5Step 5: Simplify and Solve for Allowable Error in Diameter
From the equation in Step 4, divide both sides by \(4\pi D^2\), obtaining \(dD = 0.01D\). This implies that the allowable percentage error in \(D\) is 1\(\%\).
Key Concepts
Volume of a SphereDifferentiationPercentage ErrorGeometric Measurements
Volume of a Sphere
To understand the volume of a sphere, consider it as a perfectly round three-dimensional object. The mathematical formula for calculating the volume of a sphere is given by:
The diameter is simply twice the radius \( (D = 2r) \). This formula helps us determine the volume by plugging in the diameter's value.
It's important in practical applications, like determining how much material is needed to fill a spherical container or how much space a sphere occupies.
- Formula: \( V = \frac{4}{3}\pi D^3 \)
The diameter is simply twice the radius \( (D = 2r) \). This formula helps us determine the volume by plugging in the diameter's value.
It's important in practical applications, like determining how much material is needed to fill a spherical container or how much space a sphere occupies.
Differentiation
Differentiation is a key concept in calculus that helps us understand how a function changes when its input changes.
When dealing with real-world physical attributes, differentiation helps us calculate small changes in measurements. In the context of a sphere’s volume with respect to its diameter, we write:
Understanding this relationship is essential to error estimation, as it allows us to connect errors in one measurement (diameter) to another (volume).

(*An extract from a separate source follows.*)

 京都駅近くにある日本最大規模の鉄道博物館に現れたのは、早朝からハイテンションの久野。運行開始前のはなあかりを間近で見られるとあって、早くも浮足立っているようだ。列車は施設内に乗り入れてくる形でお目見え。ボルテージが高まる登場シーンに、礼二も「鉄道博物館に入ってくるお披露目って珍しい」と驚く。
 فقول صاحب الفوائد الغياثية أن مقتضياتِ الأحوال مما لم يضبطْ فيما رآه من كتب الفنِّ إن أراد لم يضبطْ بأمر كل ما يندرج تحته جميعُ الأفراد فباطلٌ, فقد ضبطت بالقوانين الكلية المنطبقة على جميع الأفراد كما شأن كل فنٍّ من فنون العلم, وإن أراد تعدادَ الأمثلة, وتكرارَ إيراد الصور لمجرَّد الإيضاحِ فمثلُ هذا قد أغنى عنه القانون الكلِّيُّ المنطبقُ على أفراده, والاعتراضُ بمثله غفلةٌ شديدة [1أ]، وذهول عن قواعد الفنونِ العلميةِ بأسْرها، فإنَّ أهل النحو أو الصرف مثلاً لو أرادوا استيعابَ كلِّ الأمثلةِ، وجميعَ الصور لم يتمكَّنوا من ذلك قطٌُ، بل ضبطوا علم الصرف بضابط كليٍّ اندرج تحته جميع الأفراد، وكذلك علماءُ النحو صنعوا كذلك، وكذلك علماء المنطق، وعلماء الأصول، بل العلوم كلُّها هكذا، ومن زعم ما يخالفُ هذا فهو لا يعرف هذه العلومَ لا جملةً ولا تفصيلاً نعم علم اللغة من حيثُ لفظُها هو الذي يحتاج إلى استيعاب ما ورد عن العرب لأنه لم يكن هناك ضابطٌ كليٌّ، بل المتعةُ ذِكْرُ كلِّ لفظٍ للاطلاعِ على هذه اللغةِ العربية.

When dealing with real-world physical attributes, differentiation helps us calculate small changes in measurements. In the context of a sphere’s volume with respect to its diameter, we write:
- Derivative of Volume: \( \frac{dV}{dD} = 4\pi D^2 \)

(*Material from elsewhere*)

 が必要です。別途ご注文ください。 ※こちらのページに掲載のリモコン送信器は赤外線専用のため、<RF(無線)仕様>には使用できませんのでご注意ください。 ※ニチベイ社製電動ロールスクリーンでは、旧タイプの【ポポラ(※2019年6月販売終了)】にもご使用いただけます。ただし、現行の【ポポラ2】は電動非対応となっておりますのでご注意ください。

Understanding this relationship is essential to error estimation, as it allows us to connect errors in one measurement (diameter) to another (volume).
Percentage Error
Percentage error allows us to understand how significant an error is relative to the actual value.
In our problem, the volume of the sphere must be accurate within 3% of its value. This means any error in volume measurement shouldn’t exceed 3%.
To move from volume to diameter error, we equate the error caused by diameter change to this permissible volume error:
In our problem, the volume of the sphere must be accurate within 3% of its value. This means any error in volume measurement shouldn’t exceed 3%.
To move from volume to diameter error, we equate the error caused by diameter change to this permissible volume error:
- Allowable Volume Error: \( dV = 0.03 \times V \)
- Allowable Diameter Error: \( dD = 0.01 \times D \)
Geometric Measurements
Geometric measurements form the foundation for accurate and reliable calculations across numerous applications. When measuring dimensions like the diameter of a sphere, even the slightest variance can have a large effect on other computed values, like volume.
In practical contexts, precision in measuring instruments and accurate calculations are paramount. Errors in measurement necessitate compensatory calculations like those explored with calculus to ensure that any deviations remain controlled and acceptable for the intended use.
This is why understanding calculus error estimation is critical in balancing practicality with precision, ensuring the success of applications ranging from simple geometrical tasks to complex engineering projects.
In practical contexts, precision in measuring instruments and accurate calculations are paramount. Errors in measurement necessitate compensatory calculations like those explored with calculus to ensure that any deviations remain controlled and acceptable for the intended use.
This is why understanding calculus error estimation is critical in balancing practicality with precision, ensuring the success of applications ranging from simple geometrical tasks to complex engineering projects.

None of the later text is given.